I am trying to find out how to decompose conditional loglikelihood of a function to a conditional loglikelihood of an argument plus some reminder terms.
I.e. shortly: $$\mathcal{L}_E(\hat{E};\sigma) = \mathcal{L}_A(F^{-1}(\hat{E});\sigma) + \ldots$$ where $E=F({A})$, i.e. $F$ - my function, $A$ - my argument.
Real decomposition looks like this: $$ \mathcal{L}_E(\hat{E_1},\ldots,\hat{E_N};\sigma) = \mathcal{L}_A(F^{-1}(\hat{E_1}),\dots,F^{-1}(\hat{E_N});\sigma) - \sum^{N}_{i=1}\log \left[\frac{\partial F}{\partial A}\right] ((F^{-1}(E,\sigma)) $$
But for now, I can see how author obtained it. It reminds me kind of Taylor expansion: $$E = F(A) + \int F(A)'dA + \ldots$$ where $F(A)$ should be $ \mathcal{L}_A(F^{-1}(\hat{E_1}),\dots,F^{-1}(\hat{E_N});\sigma) $, $ F(A)' \approx \left[\frac{\partial F}{\partial A}\right] $ and $ A \approx ((F^{-1}(E,\sigma))$.

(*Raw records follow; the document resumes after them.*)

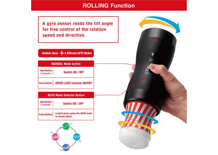 Перетворіть усі свої мастурбатори Tenga Cup на автоматичні! Ротація плюс вакуум: усього кілька натискань кнопок — і ви отримуєте максимальну насолоду. Зручний лаконічний корпус із пластику легко вміщує будь-який мастурбатор Tenga Cup, крім того, до комплекту вже входить Rolling Tenga Cup. Автоматичний мастурбатор має 4 швидкості ротації, 6 режимів вакууму плюс автоматичний режим. Поєднуйте їх або вмикайте почергово — усе для вашого задоволення! Разом із мастурбатором ви отримаєте також мініатюру лубриканта на водній основі.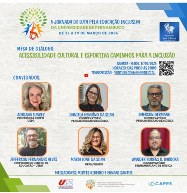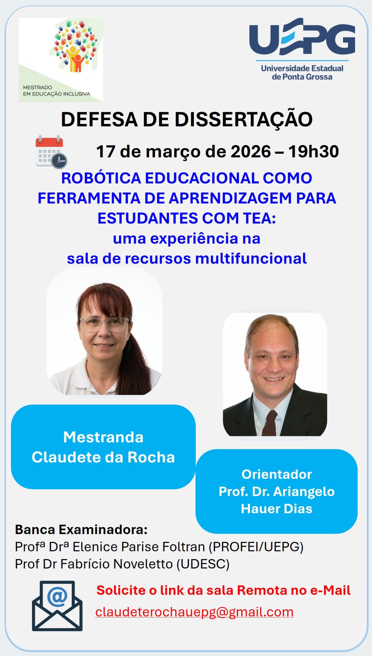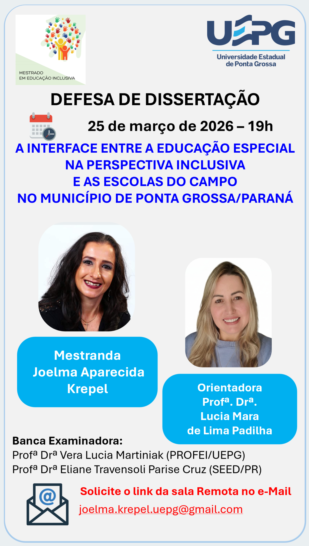 Defesa de Dissertação 25 mar. 2026 às 19h Joelma Aparecida Krepel O Programa de Pós-Graduação em Educação Inclusiva (PROFEI/UEPG) convida a comunidade acadêmica e demais interessados para a defesa de dissertação da mestranda Joelma Aparecida Krepel, do Mestrado Profissional em Educação Inclusiva. Título da dissertação: A INTERFACE ENTRE A EDUCAÇÃO ESPECIAL NA PERSPECTIVA INCLUSIVA E …
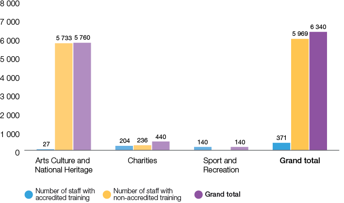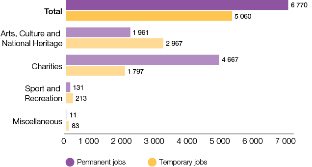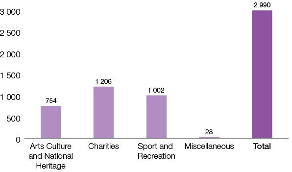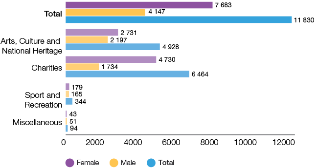 Graph below shows the distribution of job creation among the three sectors. More jobs were created under the Charities sector, followed by Arts, Culture and National Heritage and Sport and Recreation sectors. A total of 94 jobs were created in the miscellaneous sector. A total 7 683 jobs (64%) were created for women.
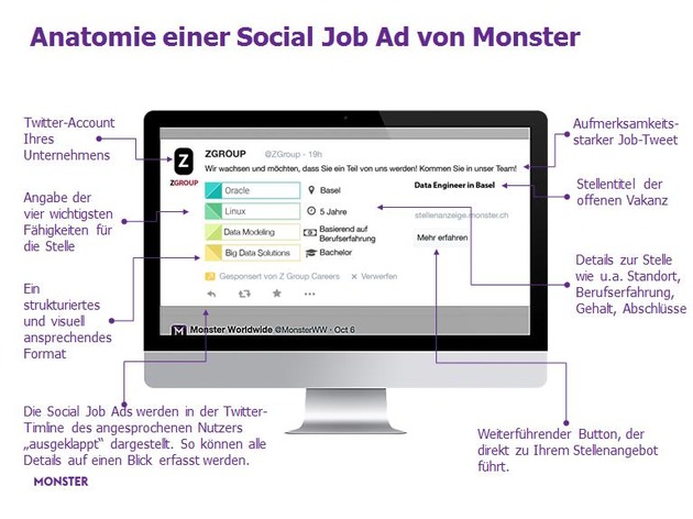 Zukünftig können Stellenanzeigen automatisch und zeitnah zur Schaltung auf monster.ch in den Timelines von Twitter-Nutzern angezeigt werden, deren berufliches Profil zu dem des gesuchten Kandidaten passt. Die Monster Social Job Ads unterstützen Unternehmen dabei, ihren nächsten Mitarbeiter mit Hilfe von sozialen Netzwerken zu finden. Basis ist ein optimiertes Targeting (Zielgruppendefinition), das im Rahmen des so genannten Social Recruitings bisher eine der grössten Herausforderungen für innovative Recruiter darstellte. Alles was sie für die Schaltung der Social Job Ads benötigen, ist die reguläre Stellenanzeige für ihr Unternehmen auf monster.ch und einen Twitter-Account.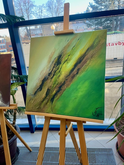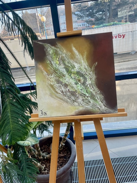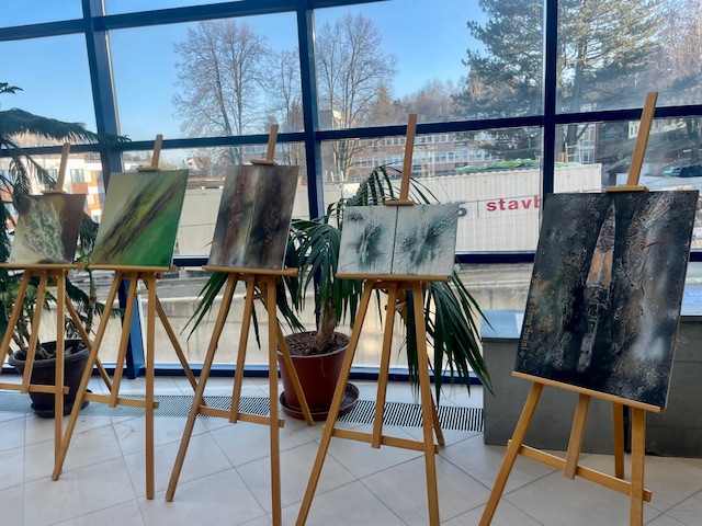 Obrazy Jiřího Havlíka jsou malované akrylem, Zlata Švandová si zase ráda pohraje s kombinovanou technikou.
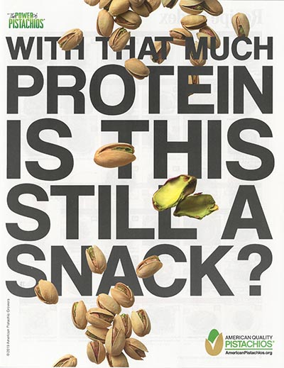 “With that much protein is this still a snack?” asks the American Quality Pistachios ad. Wow. Just how much protein are we talking about? You’d think the ad would say.
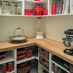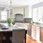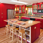Raked & painted shagrin base and upper cabinets. The main island was hand painted with a medium cherry wood top.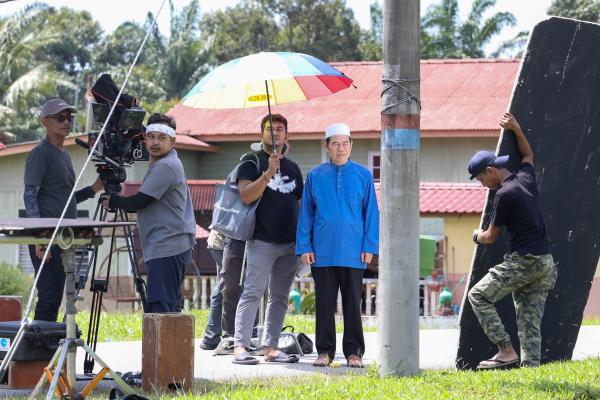 Datuk Ahmad Tarmimi Siregar (depan) bersama EXCO Kebudayaan Borhan Aman Shah (belakang, kanan) menjalani penggambaran telefilem "Ayah Panggil Balik' di Surau Darul Nur, Kuala Langat pada 30 Januari 2024. FIKRI YUSOF/SELANGORKINI[/caption]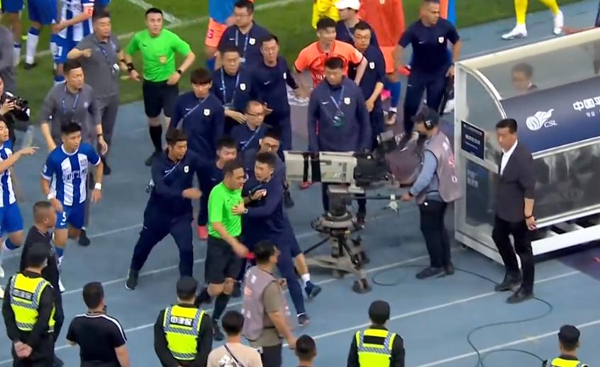 最終,主裁判劉威一路追到球員通道前給賈德松出示紅牌。而泰山的助教法比奧因爲攔路,同樣也被主裁判劉威出示紅牌罰下。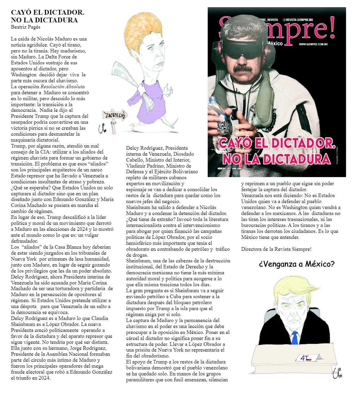 Beatriz Pagés CAYÓ EL DICTADOR. NO LA DICTADURA CAYÓ EL DICTADOR. NO LA DICTADURA Beatriz Pagés La caída de Nicolás Maduro es una…El Nopal16 enero, 2026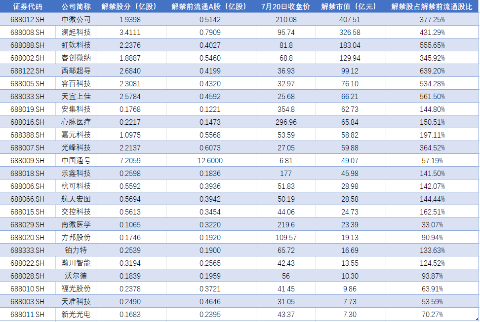 7月,科创板将迎来限售股集中解禁的考验。仅7月22日解禁市值便高达1821.05亿元(按7月20日收盘价计算),是总流通市值4188.22亿元的43.5%,占AB股总市值27363.29亿元的7%左右。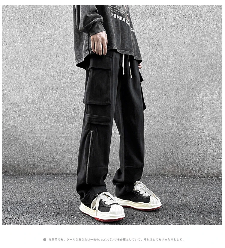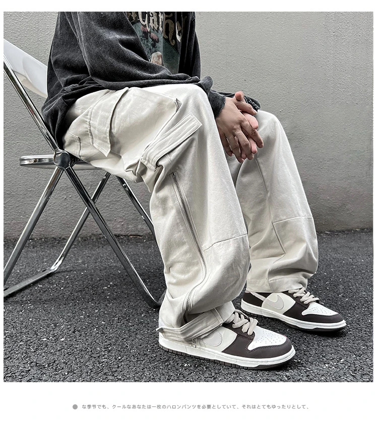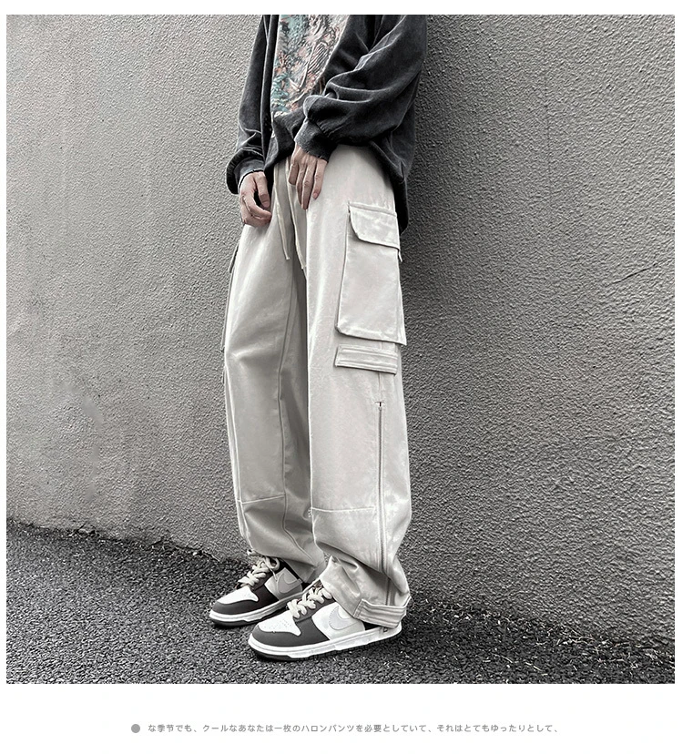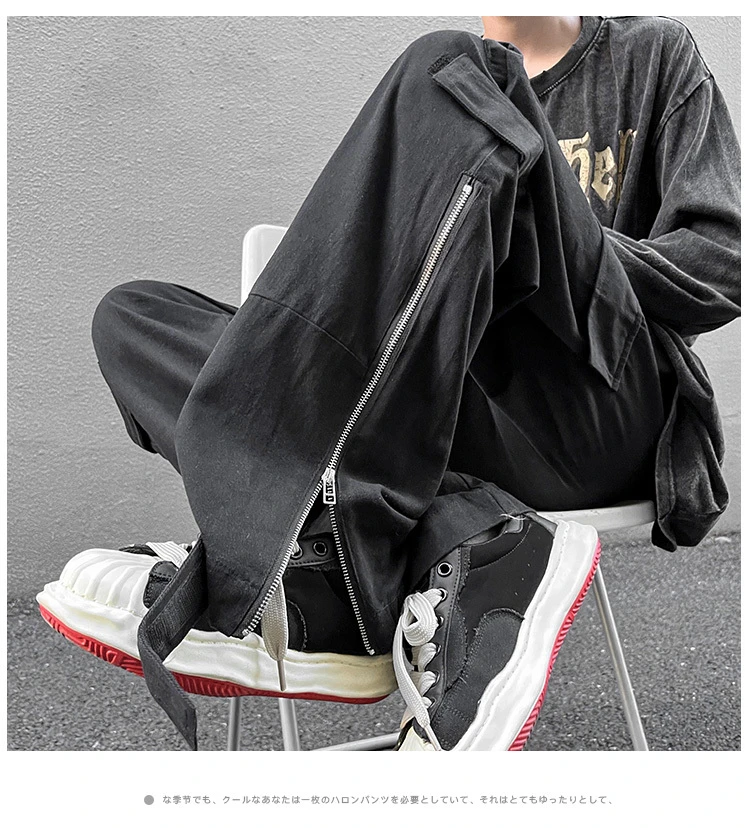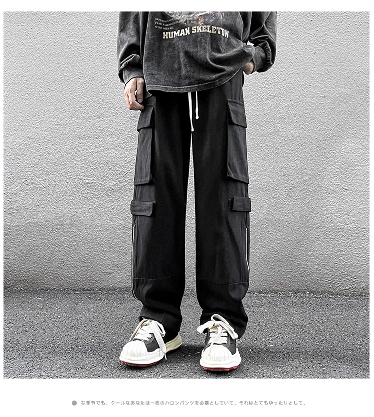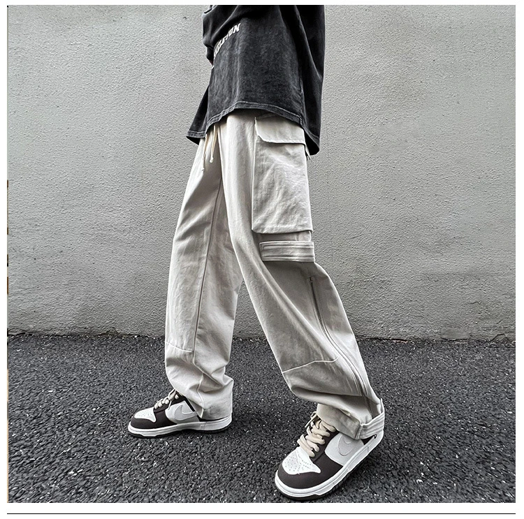 Hearujoy American straight tube workwear pants for men, autumn trendy high street logging wide leg pants, ruffled and handsome, loose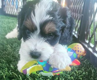 Piper is a female Cavapoo. Carefully selected as a great representative of her breed, Whitney decided to make her part of their program. Whitney has passed Good Dog’s screening process, which involved a review of their breeding practices, environment, and the mental and physical health of their dogs.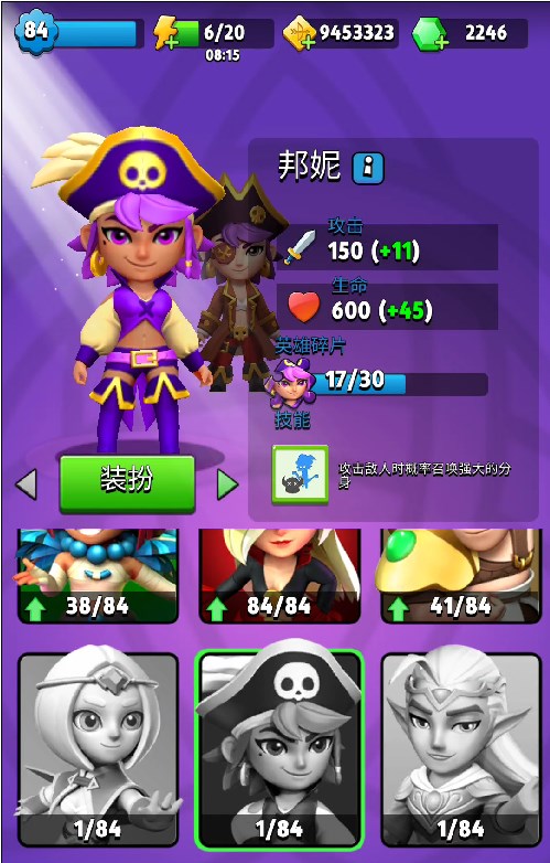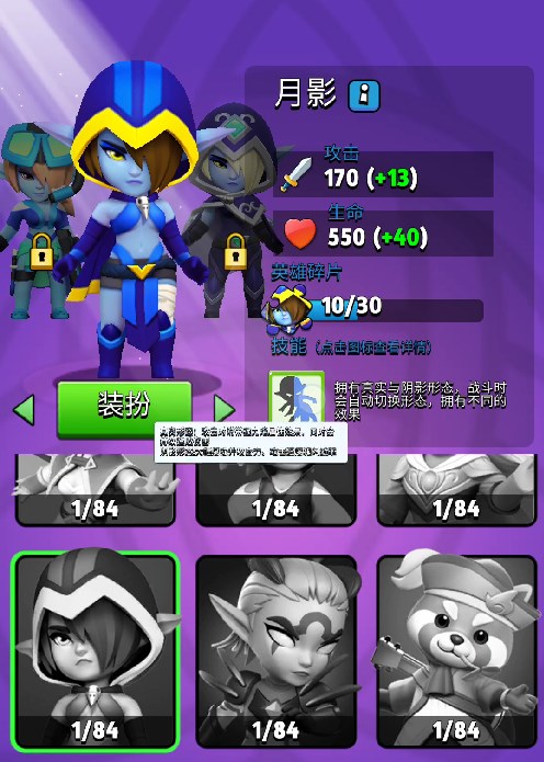 如果说上述的两个角色还可以通过平时做活动肝到碎片的话,那么这个角色的养成就需要完全的氪金,碎片方面非常难以获取,从目前而言,几个活动中很难拿到他的碎片,不知道之后官方会不会出新活动,给出更多的碎片获取手段。随着获取难度的提升,其伤害却是游戏中的顶级,基础面板方面,170攻击550生命,是一个暗影的输出类型角色,再配合技能打出非常高的单体输出。
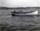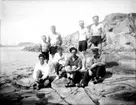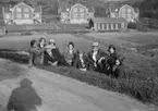 "Med det finaste porslin är det dukat med vit duk i gröngräset för Ulla-Britt, Arne och Linnea Blank, Signild Lindahl, Karin Nygren, Hjo, kusin till Ulla och Arne."
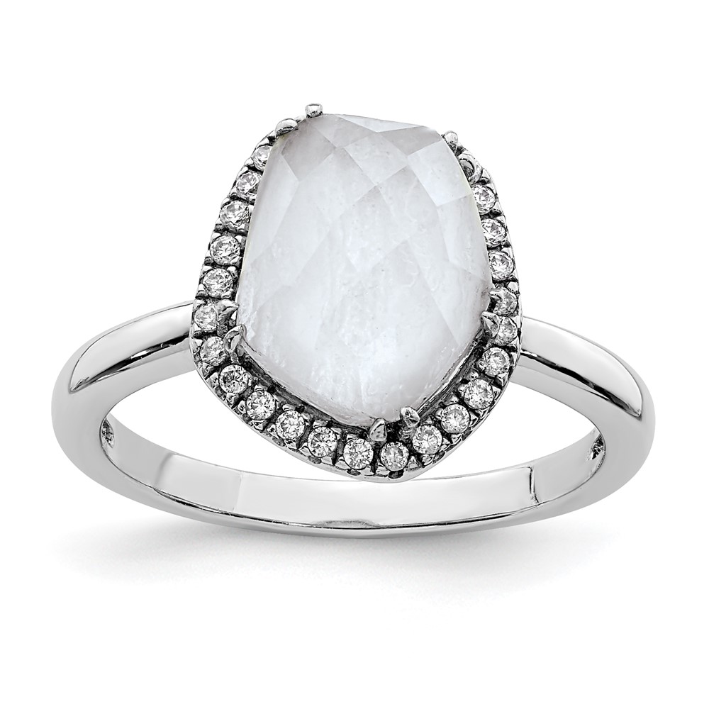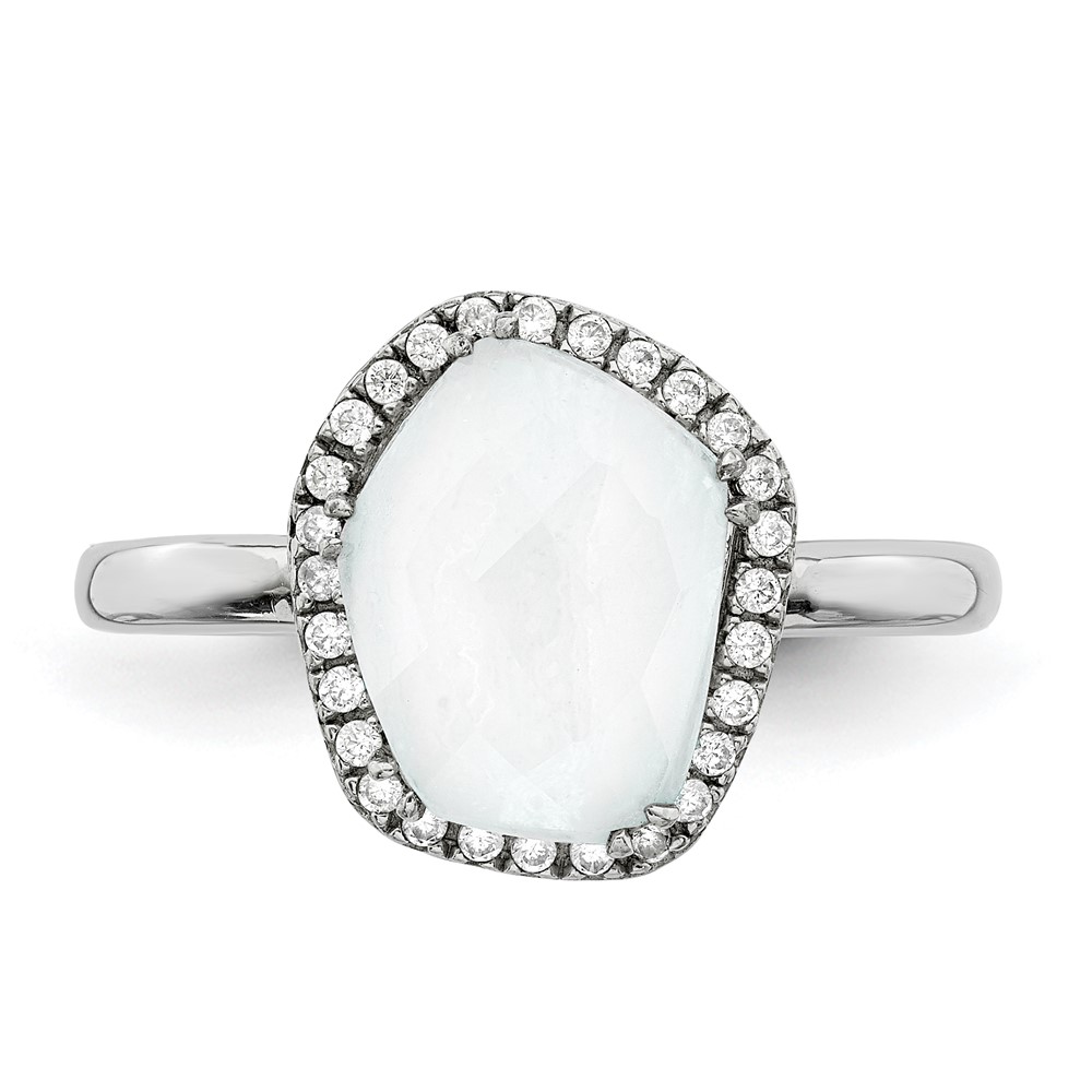 Sterling Silver Rhodium-plated Blue Lace Agate and CZ Ring

But this is of course very vaguely written, as: not $F(A)$ but $A$ should be $ \mathcal{L}_A(F^{-1}(\hat{E_1}),\dots,F^{-1}(\hat{E_N});\sigma)$ and I do not write the integral in second case. Moreover we see equal expression, not infinite sum... Could somebody give a hint how to decompose it?
For simplification, I have been looking at case of just one conditional density function, but could not represent it so far.